8.3 Viterbi Algorithm
In the Forward Algorithm, we used recursion to solve for \(P(X_N|e_{1:N})\), the probability distribution over states the system could inhabit given the evidence variables observed so far. Another important question related to Hidden Markov Models is: What is the most likely sequence of hidden states the system followed given the observed evidence variables so far? In other words, we would like to solve for \(\arg\max_{x_{1:N}} P(x_{1:N}|e_{1:N}) = \arg\max_{x_{1:N}} P(x_{1:N},e_{1:N})\). This trajectory can also be solved for using dynamic programming with the Viterbi algorithm
The algorithm consists of two passes: the first runs forward in time and computes the probability of the best path to each (state, time) tuple given the evidence observed so far. The second pass runs backwards in time: first it finds the terminal state that lies on the path with the highest probability, and then traverses backward through time along the path that leads into this state (which must be the best path).
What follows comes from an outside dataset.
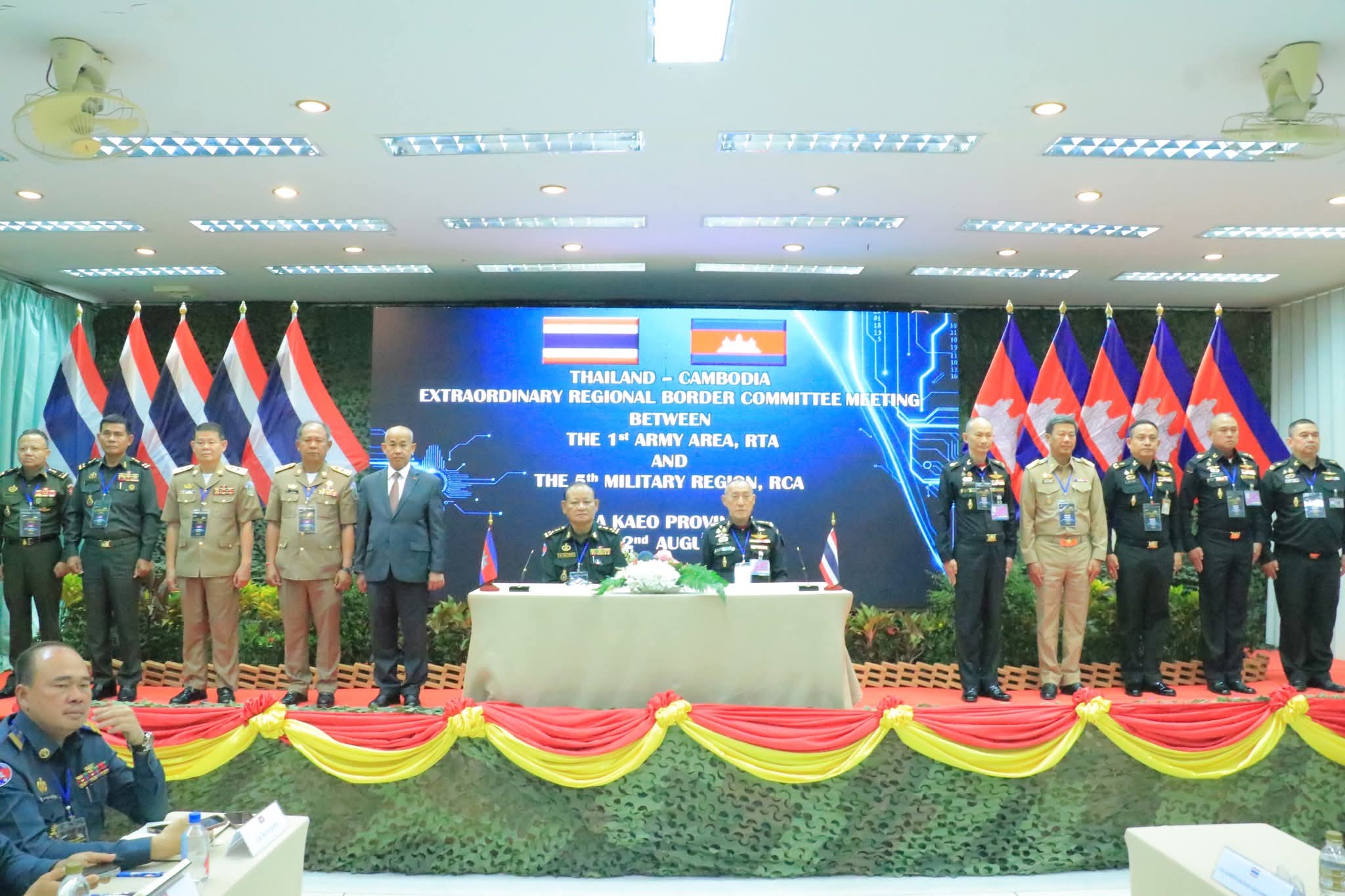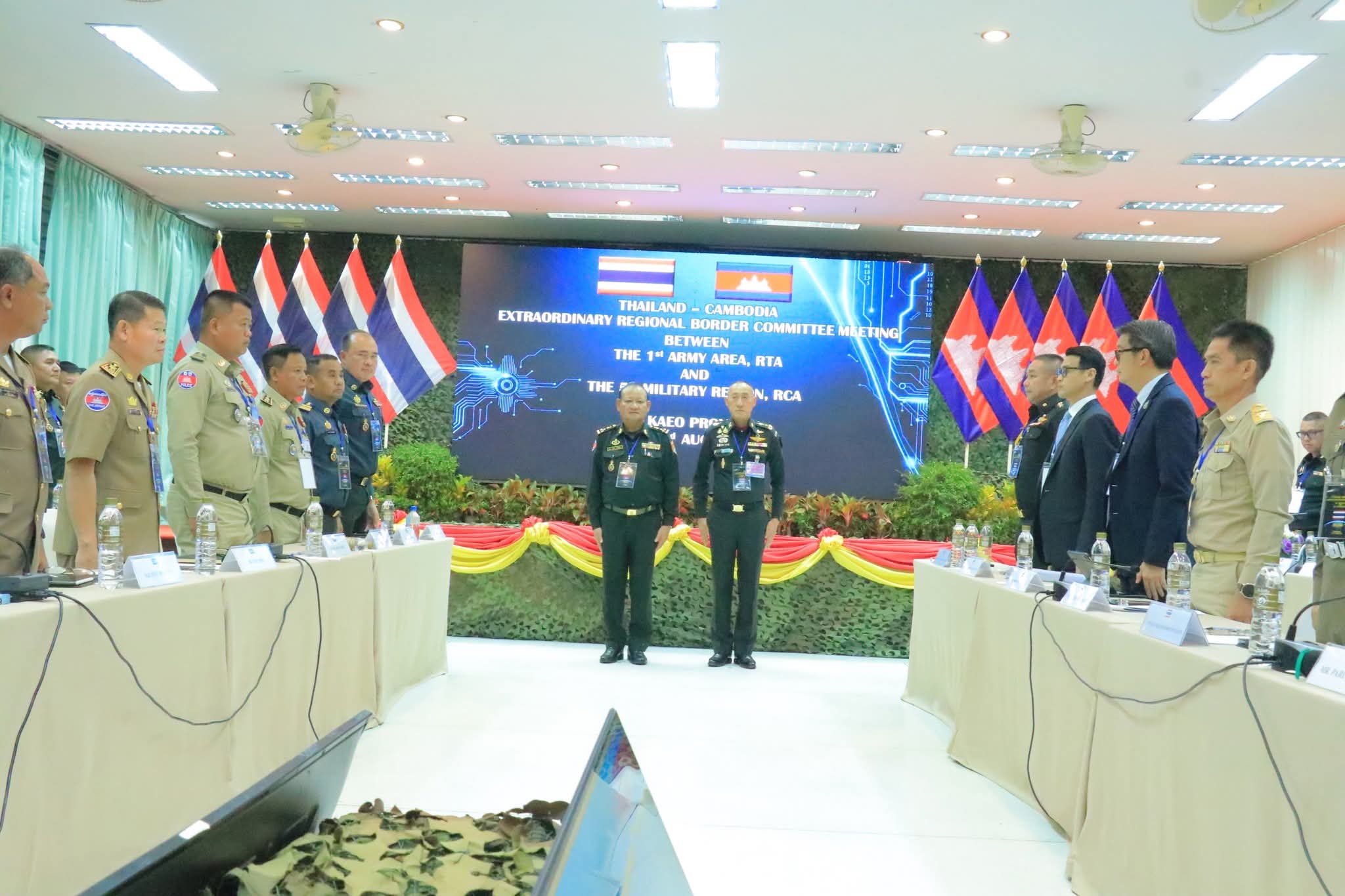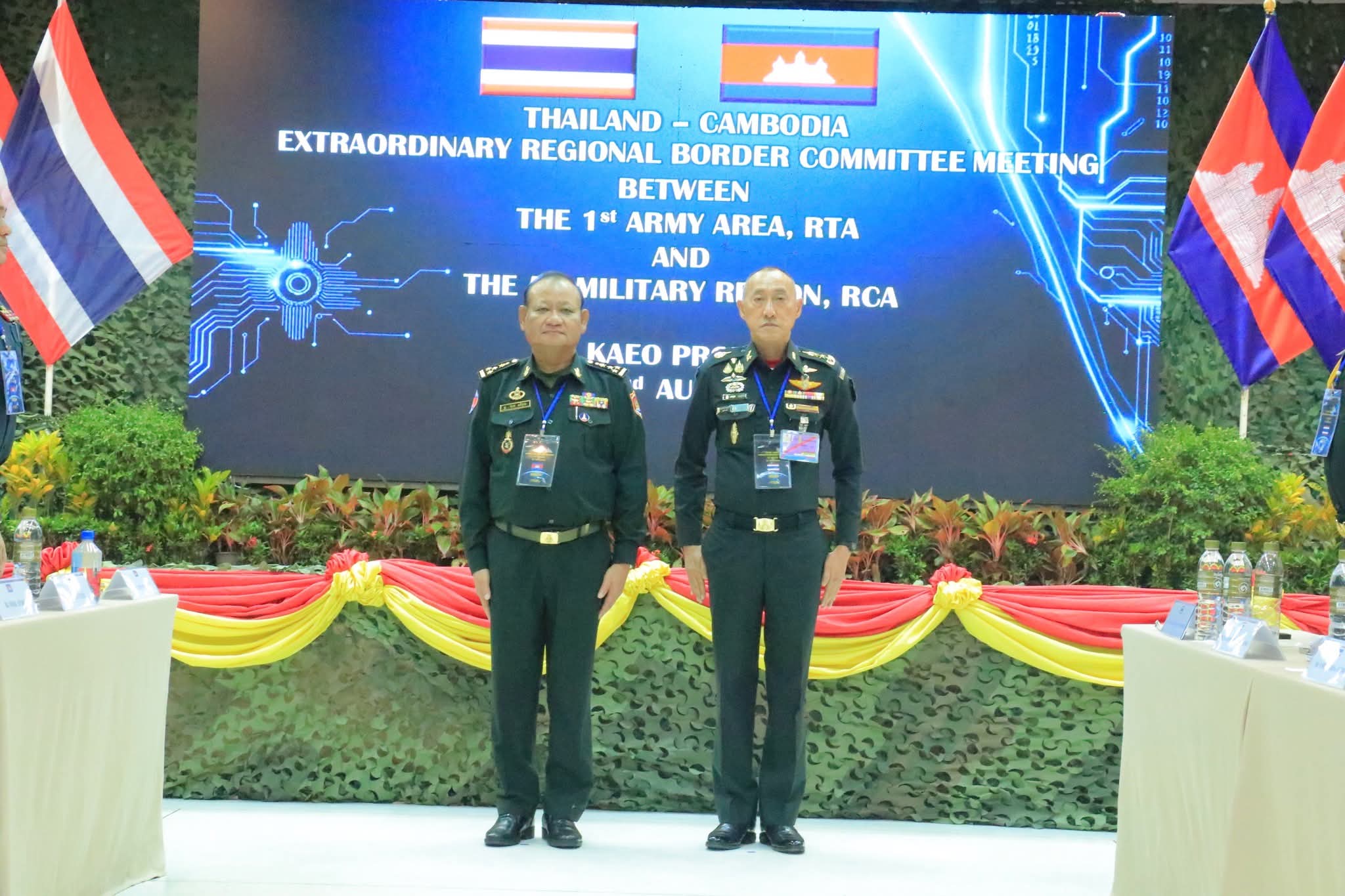 គណៈប្រតិភូកម្ពុជា ដឹកនាំដោយ ឧត្តមសេនីយ៍ឯក ឯក សំអូន មេបញ្ជាការយោធភូមិភាគទី៥ និងជាសហ ប្រធាននៃកិច្ចប្រជុំវិសាមញ្ញរបស់គណៈកម្មាធិការព្រំដែនថ្នាក់យោធភូមិភាគ (RBC)។ គណៈប្រតិភូថៃ ដឹកនាំដោយ ឧត្តមសេនីយ៍ឯក Amarit Boonsuya មេបញ្ជាការ កងទ័ពភូមិភាគទី១ និងជាសហប្រធាននៃកិច្ចប្រជុំវិសាមញ្ញរបស់គណៈកម្មាធិការព្រំដែនថ្នាក់យោធភូមិភាគ (RBC)។

To visualize the algorithm, consider the following state trellis, a graph of states and transitions over time:
In this HMM with two possible hidden states, sun or rain, we would like to compute the highest probability path (assignment of a state for every timestep) from \(X_1\) to \(X_N\). The weights on an edge from \(X_{t-1}\) to \(X_t\) is equal to \(P(X_t|X_{t-1})P(E_t|X_t)\), and the probability of a path is computed by taking the product of its edge weights. The first term in the weight formula represents how likely a particular transition is and the second term represents how well the observed evidence fits the resulting state.
Recall that: \(P(X_{1:N},e_{1:N}) = P(X_1)P(e_1|X_1)\prod_{t=2}^N P(X_t|X_{t-1})P(e_t|X_t)\) The Forward Algorithm computes (up to normalization) \(P(X_N,e_{1:N}) = \sum_{x_1,..,x_{N-1}} P(X_N, x_{1:N-1},e_{1:N})\) In the Viterbi Algorithm, we want to compute \(\arg\max_{x_1,..,x_{N}}P(x_{1:N},e_{1:N})\)
to find the maximum likelihood estimate of the sequence of hidden states. Notice that each term in the product is exactly the expression for the edge weight between layer \(t-1\) to layer \(t\). So, the product of weights along the path on the trellis gives us the probability of the path given the evidence.
We could solve for a joint probability table over all of the possible hidden states, but this results in an exponential space cost. Given such a table, we could use dynamic programming to compute the best path in polynomial time. However, because we can use dynamic programming to compute the best path, we don’t necessarily need the whole table at any given time.
Define \(m_t[x_t] = \max_{x_{1:t-1}} P(x_{1:t},e_{1:t})\), or the maximum probability of a path starting at any \(x_0\) and the evidence seen so far to a given \(x_t\) at time \(t\). This is the same as the highest weight path through the trellis from step \(1\) to \(t\). Also note that \begin{align} m_t[x_t] &= \max_{x_{1:t-1}} P(e_t|x_t)P(x_t|x_{t-1})P(x_{1:t-1},e_{1:t-1})
&= P(e_t|x_t)\max_{x_{t-1}} P(x_t|x_{t-1})\max_{x_{1:t-2}}P(x_{1:t-1},e_{1:t-1})
&= P(e_t|x_t)\max_{x_{t-1}} P(x_t|x_{t-1})m_{t-1}[x_{t-1}]. \end{align} This suggests that we can compute \(m_t\) for all \(t\) recursively via dynamic programming. This makes it possible to determine the last state \(x_N\) for the most likely path, but we still need a way to backtrack to reconstruct the entire path. Let’s define \(a_t[x_t] = P(e_t|x_t)\arg\max_{x_{t-1}} P(x_t|x_{t-1})m_{t-1}[x_{t-1}] = \arg\max_{x_{t-1}} P(x_t|x_{t-1})m_{t-1}[x_{t-1}]\) to keep track of the last transition along the best path to \(x_t\). We can now outline the algorithm.
Result: Most likely sequence of hidden states x1:N
/* Forward pass
for t=1 to N:
for xt in X:
if t=1:
mt[xt] = P(xt)P(e0|xt)
else:
at[xt] = argmaxx{t-1} P(xt|xt-1)mt-1[xt-1];
mt[xt] = P(et|xt)P(xt|at[xt])mt-1[at[x_t]];
/* Find the most likely path's ending point
xN = argmaxxN mN[xN];
/* Work backwards through our most likely path and find the hidden states
For t=N to 2:
xt-1 = at[xt];
Notice that our \(a\) arrays define a set of \(N\) sequences, each of which is the most likely sequence to a particular end state \(x_N\). Once we finish the forward pass, we look at the likelihood of the \(N\) sequences, pick the best one, and reconstruct it in the backwards pass. We have thus computed the most likely explanation for our evidence in polynomial space and time.